WORK ITEM => From the first line of the data below through the line bearing "The Denny Hamlin", reproduce each line exactly; do not include pictures.

Records from a collection
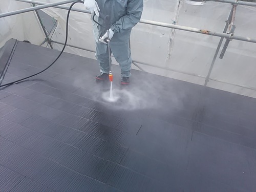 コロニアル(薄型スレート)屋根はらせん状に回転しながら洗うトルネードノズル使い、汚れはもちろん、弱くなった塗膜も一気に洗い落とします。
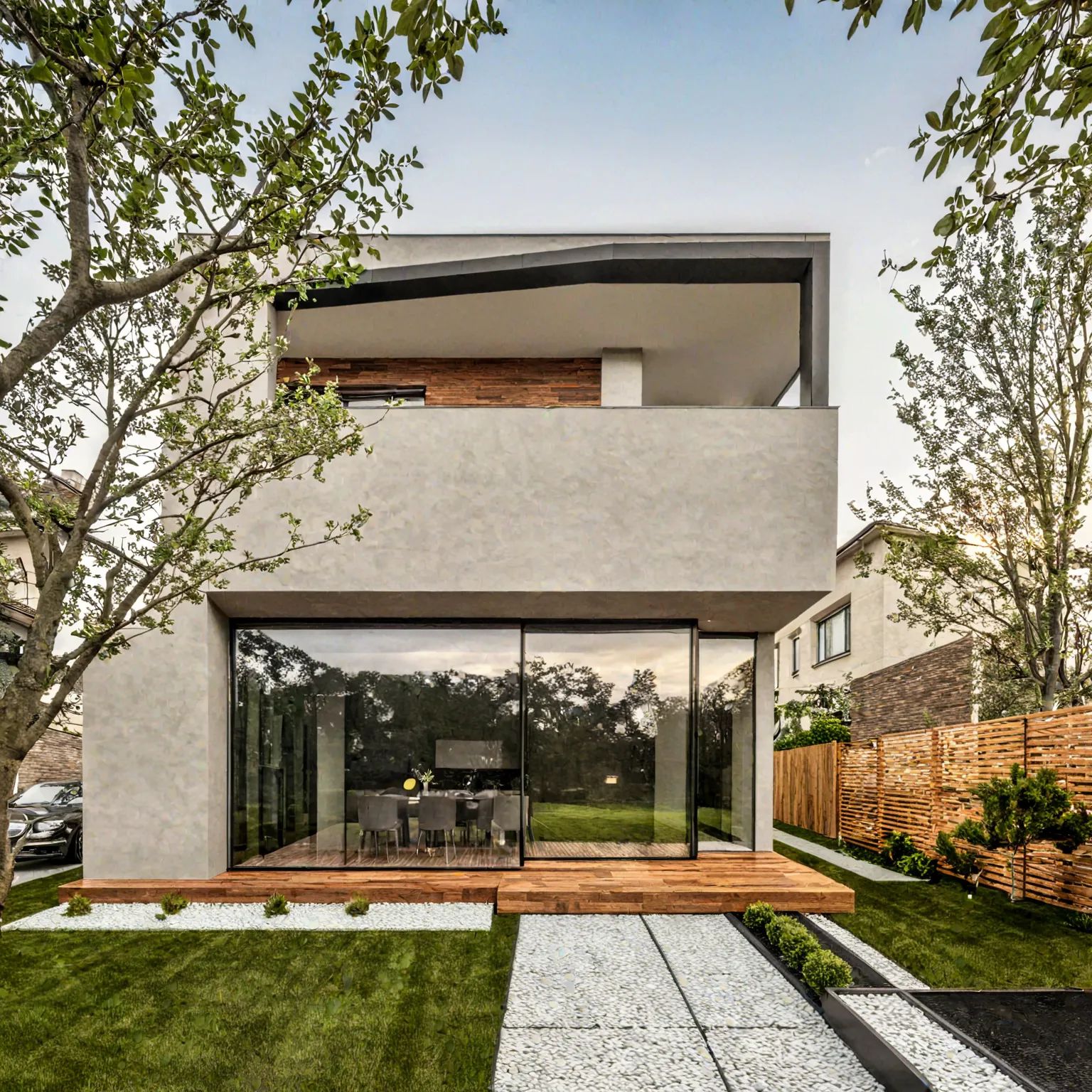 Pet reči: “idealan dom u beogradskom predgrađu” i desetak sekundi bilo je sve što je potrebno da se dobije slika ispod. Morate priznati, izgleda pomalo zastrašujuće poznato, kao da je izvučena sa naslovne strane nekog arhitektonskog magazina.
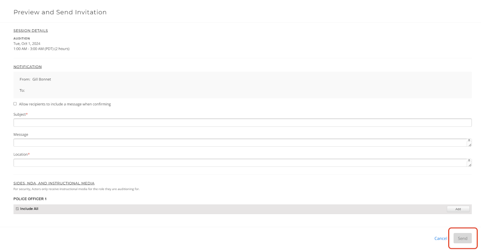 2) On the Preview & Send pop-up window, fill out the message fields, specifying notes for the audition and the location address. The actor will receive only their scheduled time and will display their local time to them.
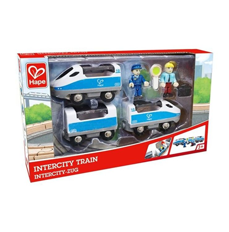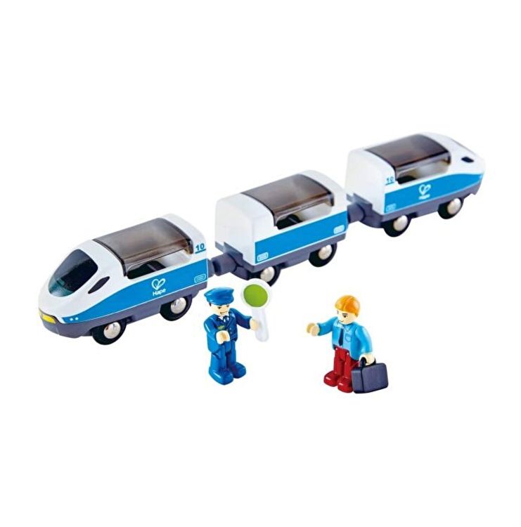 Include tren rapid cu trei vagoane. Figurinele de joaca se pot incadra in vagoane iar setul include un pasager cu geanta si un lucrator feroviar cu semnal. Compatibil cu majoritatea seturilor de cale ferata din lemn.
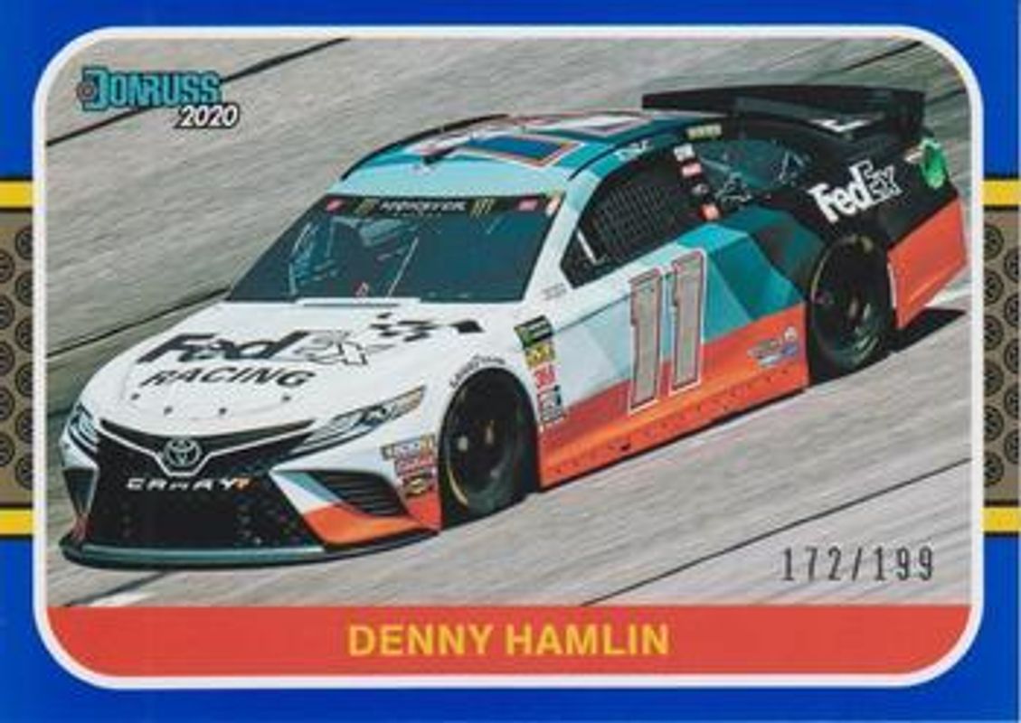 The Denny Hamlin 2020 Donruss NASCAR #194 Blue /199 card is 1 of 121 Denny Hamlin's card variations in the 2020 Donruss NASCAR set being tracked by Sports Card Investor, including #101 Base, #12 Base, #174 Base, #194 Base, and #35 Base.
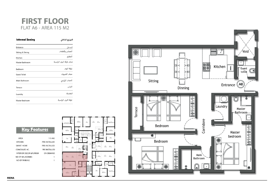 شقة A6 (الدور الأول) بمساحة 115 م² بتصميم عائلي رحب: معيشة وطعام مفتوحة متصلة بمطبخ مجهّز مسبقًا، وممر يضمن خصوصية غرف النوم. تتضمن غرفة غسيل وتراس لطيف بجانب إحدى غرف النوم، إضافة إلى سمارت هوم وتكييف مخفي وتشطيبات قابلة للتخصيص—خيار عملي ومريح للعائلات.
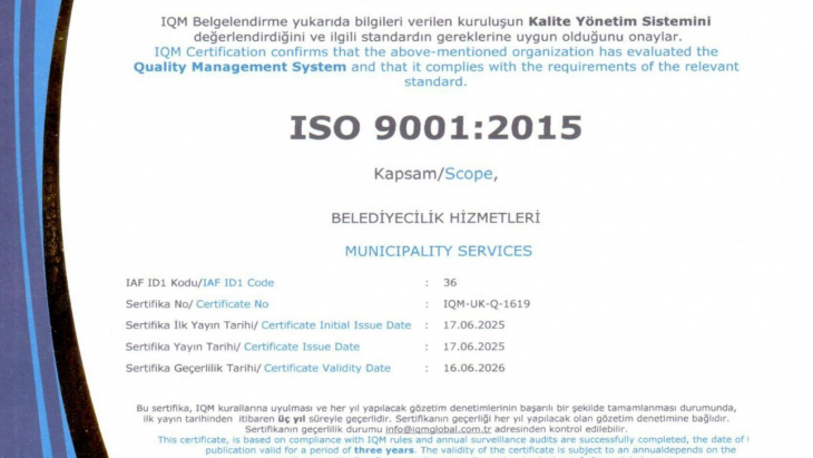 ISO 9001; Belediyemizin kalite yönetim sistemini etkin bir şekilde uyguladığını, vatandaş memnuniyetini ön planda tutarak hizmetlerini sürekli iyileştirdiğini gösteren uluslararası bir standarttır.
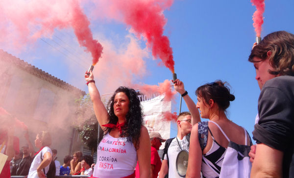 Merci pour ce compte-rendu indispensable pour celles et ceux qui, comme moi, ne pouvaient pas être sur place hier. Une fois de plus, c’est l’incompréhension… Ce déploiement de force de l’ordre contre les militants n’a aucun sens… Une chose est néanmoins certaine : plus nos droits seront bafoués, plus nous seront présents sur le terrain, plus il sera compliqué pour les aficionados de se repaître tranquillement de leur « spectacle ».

ANSWER BOX =>
 コロニアル(薄型スレート)屋根はらせん状に回転しながら洗うトルネードノズル使い、汚れはもちろん、弱くなった塗膜も一気に洗い落とします。
 Pet reči: “idealan dom u beogradskom predgrađu” i desetak sekundi bilo je sve što je potrebno da se dobije slika ispod. Morate priznati, izgleda pomalo zastrašujuće poznato, kao da je izvučena sa naslovne strane nekog arhitektonskog magazina.
 2) On the Preview & Send pop-up window, fill out the message fields, specifying notes for the audition and the location address. The actor will receive only their scheduled time and will display their local time to them.
 Include tren rapid cu trei vagoane. Figurinele de joaca se pot incadra in vagoane iar setul include un pasager cu geanta si un lucrator feroviar cu semnal. Compatibil cu majoritatea seturilor de cale ferata din lemn.
 The Denny Hamlin 2020 Donruss NASCAR #194 Blue /199 card is 1 of 121 Denny Hamlin's card variations in the 2020 Donruss NASCAR set being tracked by Sports Card Investor, including #101 Base, #12 Base, #174 Base, #194 Base, and #35 Base.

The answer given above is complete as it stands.